20. Magazine - Slotface: The next day. Susan is at her local stylist's shop, getting her hair done, when she spots a picture of Derison and the band on the cover of Rolling Stone magazine. All of her frustration and anger over his betrayal and his humiliating appearance at her sorority house the previous night, and the fact that despite all that, she can't shake her feelings for him, launch her into song -- as she recognizes her all-time favorite punk-hero would never put up with what Susan herself has allowed herself to endure. But just then, as she thinks she's resolved herself, there's a clamor of chatter from the other girls in the shop. She looks up to see Derison standing right in front of her. 

Reality: Slotface are a young Norwegian punk act just arriving on the scene, and the awesome Patti Smith name-dropping Magazine comes from their 2017 debut Try Not To Freak Out.

21. Pariah - Steven Wilson: Our big emotional conclusion. At a coffee house down the street from the hair parlor, Susan and Derison finally talk it out. She lets him know how badly he hurt her, but is then shocked at the depth of feeling coming from Derison, at how much he clearly loved and misses her brother, at how much he regrets all the pain he's caused her family, at how poorly he treated Shona, at how alone and lost he feels despite his career success, and mostly, how impossible it is for him not having his soulmate in his life. At this moment, Susan finds she is able to forgive him, and while not able to bring herself to rekindle the relationship - she still feels they have to move on - ends their conversation with words of comfort and love, encouraging him to fully seize the opportunity in front of him. 

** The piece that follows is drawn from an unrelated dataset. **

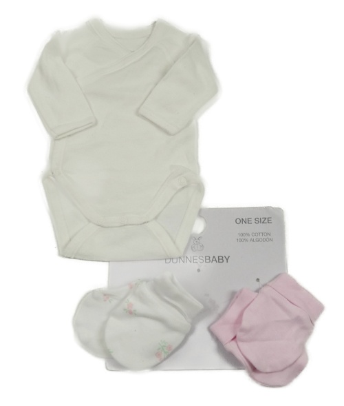 3set - Bílé body + 2x rukavice - bílé + růžové - nové 50/56
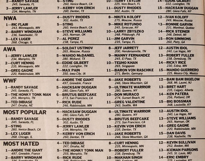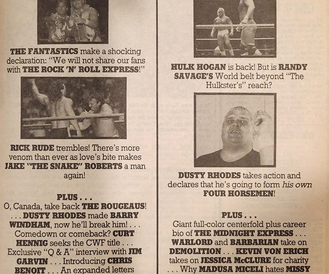 We begin with Sincerely Yours, the mailbag forum, where Greg from Los Angeles says he used to be a Four Horsemen fan, but their attack on street-clothed Lex Luger outside the James L. Knight Center (at Clash of the Champions 2) was just too much. “Wrestling is a sport of honor. The competition is meant to be contained within the confines of the ring.” Meanwhile, Jeff from Indianapolis says that everyone was saying Dusty Rhodes and the Midnight Rider were the same person, but Inside Wrestling’s August issue featuring a transcribed telephone conversation between the two proves they’re all wrong. “What more proof do you need that Dusty and the Rider are not one and the same?” Then there’s Nick from Miami who asks Ricky Steamboat to come back to the NWA. “Rick knows Ric Flair well, and I personally think Steamboat could take his title. (Yeah right, as if.) Larry from New Jersey says he recently attended an independent card, with a fourth row ticket costing $10, and saw Sgt. Slaughter, Johnny Rodz, Misty Blue, and Abdullah the Butcher. “I would strongly suggest that your readers check out the local promotions in their area.” And Candi from Waverly, Tennessee suggests fans check out the CWA. “Did you know that some of today’s top stars got their start in Memphis? I’m talking about guys like Hulk Hogan and the Rock ‘n’ Roll Express.” Candi says she has her eyes on one wrestler in particular. “I’m talking about none other than Jeff Jarrett. I’m no expert, but I’d say from his past accomplishments that he has the potential to become one of the greatest wrestlers today.” The next letter is from Jonathan from Madison, Wisconsin, who says Hawk of the Road Warriors is wrestling’s toughest, most sadistic and awesome wrestler today. And finally, Ken from Linden, New Jersey says it’s time to look past cartoon characters like Honky Tonk Man and Brutus Beefcake and look at real wrestlers like Greg Valentine and Don Muraco. “Both men have been in wrestling for almost 18 years each. Most of those years have been spent in a federation where youth and showmanship overshadow experience and true mat ability. Valentine has held the WWF tag team title as well as the Intercontinental belt; Muraco has won the I-C strap twice! And now, after countless numbers of feuds and many, many months as number-one contenders, these two are still wrestling at main-event caliber wherever you go. So, Vince, you can take your barbers, your snakes, and your birds. It’s the ‘Rocks’ and the ‘Hammers’ that bring realism to the word ‘superstar’!”

Reality: Called by The Daily Telegraph "the most successful British musician you've never heard of," Steven Wilson has been a force in experimental and progressive rock for over thirty years, collaborating with the likes of Roxy Music, Jethro Tull, Opeth, King Crimson, Yes, Andy Patridge of XTC, as well as his own primary rock outfit, Porcupine Tree.  Pariah here, which serves as the emotional climax to our fictional rock and roll musical, is taken from Wilson's 2017 solo release To The Bone.

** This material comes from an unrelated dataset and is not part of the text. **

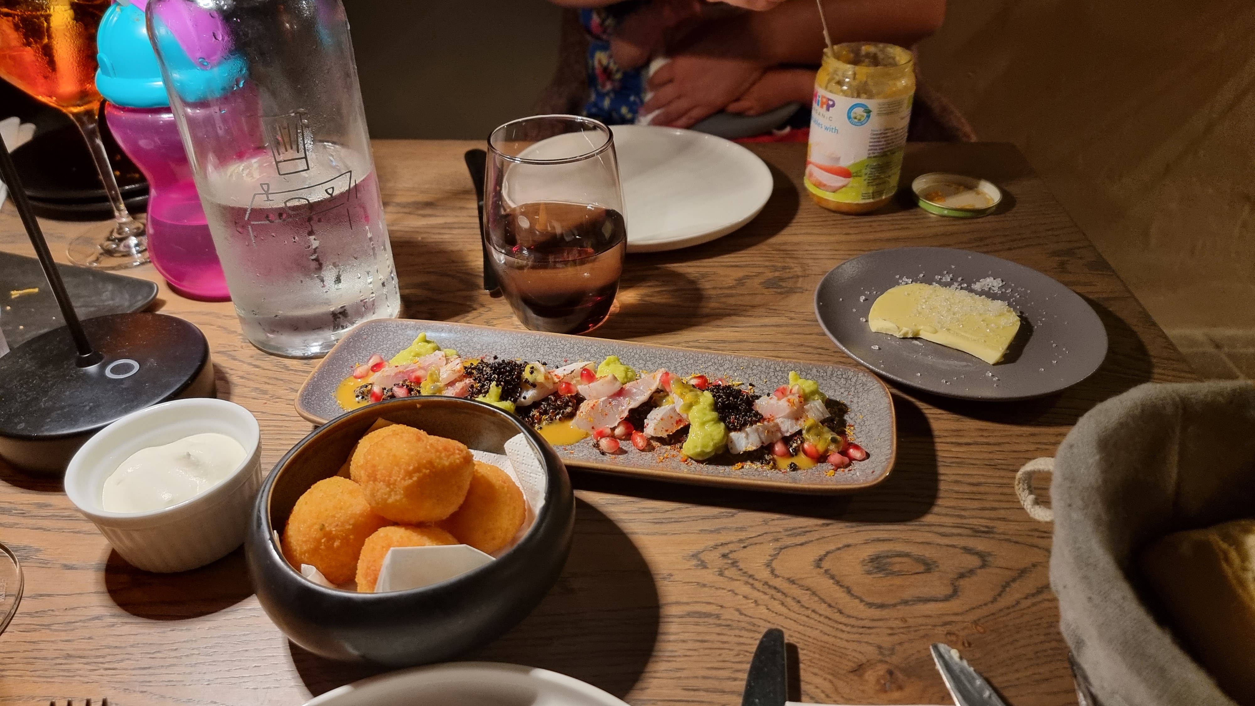Nourriture 3 : Nous avons aimé le Rissoto aux truffes et les arancini aux truffes. Les plats de poisson - la salade de daurade et la pêche du jour n'étaient pas les meilleurs. La salade manquait de saveurs et le poisson du jour manquait de texture et de goût. Service 2 : Les serveurs ne semblaient pas vraiment se soucier des commentaires, ne fournissaient pas beaucoup de conseils sur le menu ou les boissons (c'était un service de style café). De plus, les familles avec enfants ne semblent pas être les bienvenues (pas de menu enfant du tout). De plus, on ne nous a pas fourni de table dans le hall principal ou sur la terrasse. On nous a donné une salle vide, à l'écart du reste des clients (ce n'est pas amusant). Nous avons certainement vu de meilleurs dîners lors de notre voyage dans le sud de la France.

22. Tellin' Lies - The Menzingers: We fade to black on the previous scene, and then a title card "10 YEARS LATER."  Suddenly, we're in a packed concert venue just as a band takes the stage.  It's Derison and his basketball team bandmates from our opening scene, along with a couple new SUPPORTING PLAYERS. Derison fires up a riff, the crowd goes crazy, and then they go crazier even still when the final band member, a women, takes the stage.  It's Susan, now on guitar and also five months pregnant and sporting a wedding ring. She gives Derison a loving, spousal smile, and the band launches triumphantly into a rousing version of their latest nostalgia-driven hit as the end credits start to roll.

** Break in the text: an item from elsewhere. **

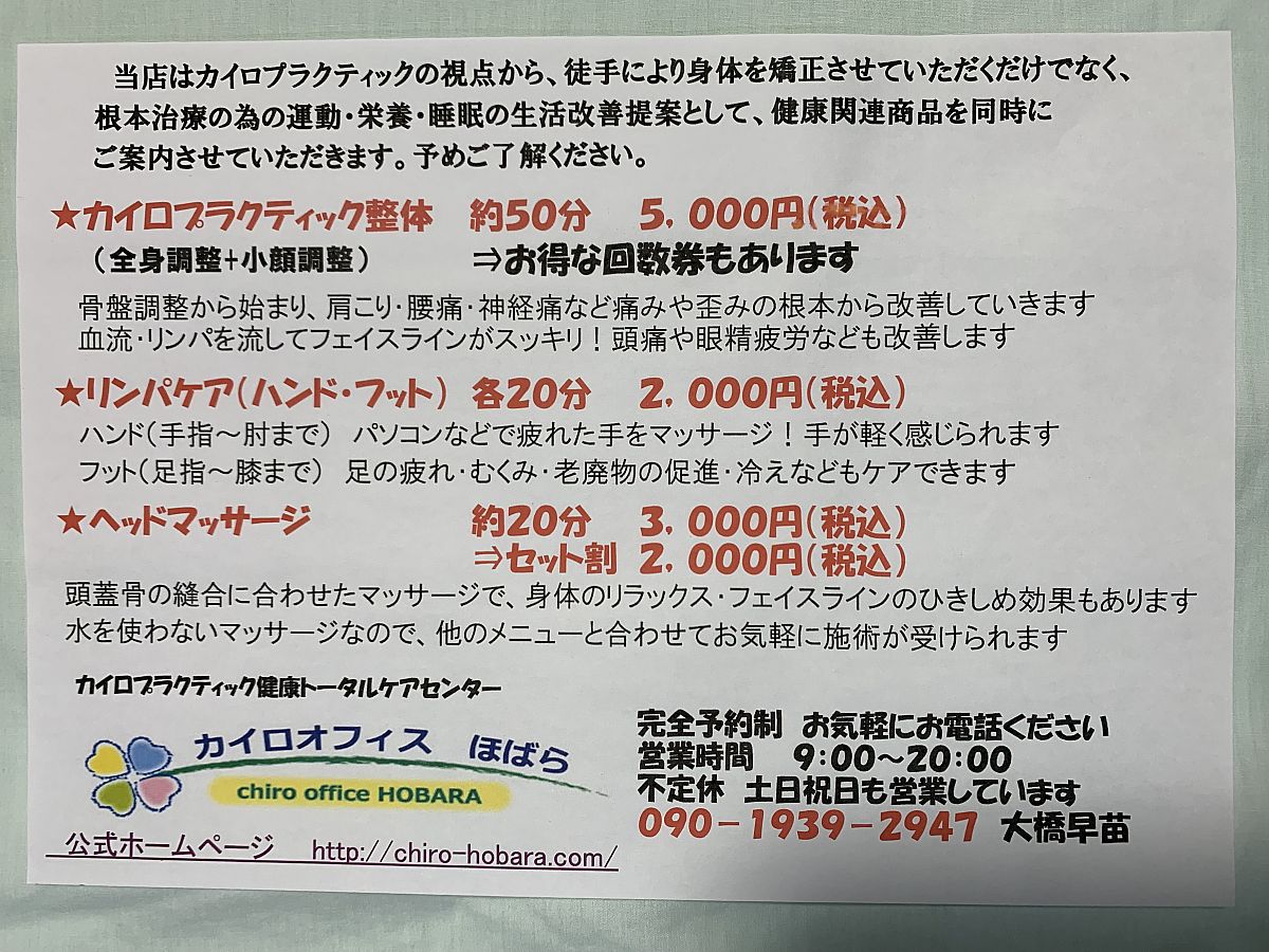 HOMEPAGEhttp://chiro-hobara.com/

Reality: The Menzingers are an excellent veteran punk outfit out of The Office's hometown of Scranton, Pennsylvania.  The rousing, sing-along Tellin' Lies hails from their from fifth full-length release After The Party.

23. Crickets - Creeper: As the credits and concert performance end, and the crowds burst into cheer, we pull back and realize it's been a televised New Year's performance, and it's being watched in a luxurious Seattle home, by an older Shona, still dressed in her surgeon's scrubs after a long day as Seatlle's top orthopedic surgeon but looking absolutely fabulous. A Gold Medal from her stint on the US women's soccer team hangs on the wall behind her. She too is now married, with her husband and two young children sitting with her. He rises, kisses her on the cheek, tells her how Susan and Derison came off great, then says he'll get the kids down and whisks them away. Shona turns her attention back to the television, as Susan and Derison start another tune singing into the same microphone looking blissfully happy, and a dark expression forms on Shona's face. Her POV of the television tightens until Susan is squeezed out frame, leaving only Derison, looking charismatically alluring. When we cut back to Shona, it's clear her  competitive fire is surfacing again. 

Reality: In the middle of all the theatrical excess of Eternity, In Your Arms comes this nightmare acoustic ballad of romantic devastation. The perfect cliffhanging, "set-up-the-sequel" coda to our teen-angst tragic-comedy.